More than 350 activists, all rights defenders, have died under Duterte. Cristina Palabay, the secretary general of rights group Karapatan, said everyone of the slain had faced “red-tagging” on ground and on social media before the killers came for them.

Against dissenters, Duterte tried a strategy of isolation by throwing a quilt of falsehood against a broad array of groups. He had hoped that brazen attacks at anyone and everything would drive away the ostensibly more faint-hearted from a growing movement for accountability.

Global aid agencies, UN experts, international religious organizations, even foreign states were fair game for the falsehoods of the president and his thugs.

Nothing has dented the spirit of the country’s rights defenders. The government’s overreach only forced long-squabbling groups to gingerly stand side by side with each other. The pushback never flagged in his four and a half years of rule.

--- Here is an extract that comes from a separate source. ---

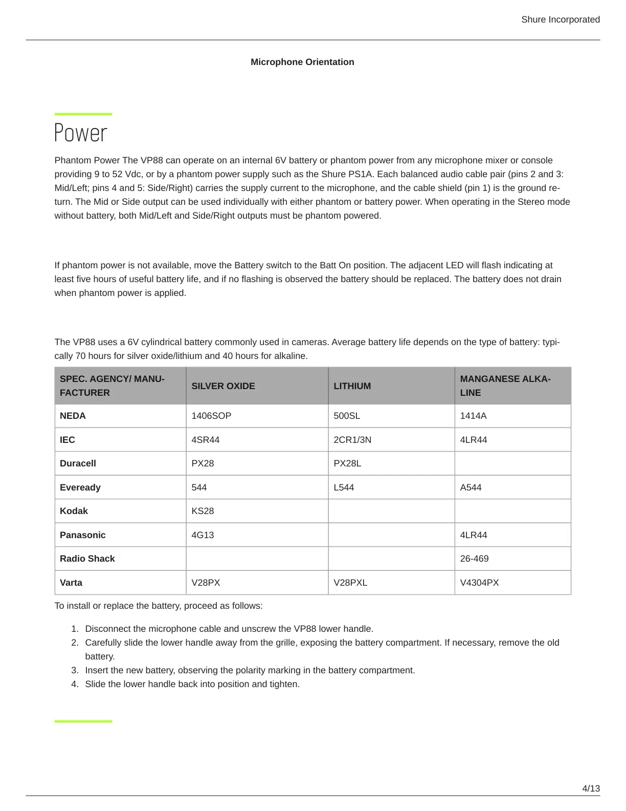 Phantom Power The VP88 can operate on an internal 6V battery or phantom power from any microphone mixer or console

Human Rights activists in Manila
A demonstration in Manila calls for an end to the tagging of activists as having links with either communist rebels or terror groups. (Photo by Jire Carreon)

And now, a sliver of accountability has prompted all that frothing in the mouth and gnashing of teeth.

The United Nations High Commissioner for Human Rights came out with a withering report in June. Now, the International Criminal Court – Office of the Prosecutor’s has come out with its report on preliminary examination activities.

It is not a judgement. But the Office notes that available information on Duterte’s drug war indicate “a reasonable basis to believe that the crimes against humanity of murder, torture, infliction of serious physical injury and mental harm as other inhumane acts.”

The new report isn’t ground to staunch the killings, the arrests, the tortures, the disappearances under either the anti drug or anti-insurgency campaigns. But Duterte is learning a hard lesson he never did learn in his long years as mayor: There is a limit to what fear tactics can do.

It will get worse this month and in the months ahead for rights defenders as wounded beast slashes and claws at every shadow that moves. But those fighting for the fate of Philippine democracy can gain strength in seeing justice’s star rising on the horizon.

Inday Espina-Varona is an award-winning journalist in the Philippines. She is a recipient of the “Prize for Independence” of the Reporters Without Borders in 2018. The views expressed in this article are the opinions of the author and do not necessarily reflect the editorial stance of LiCAS.news.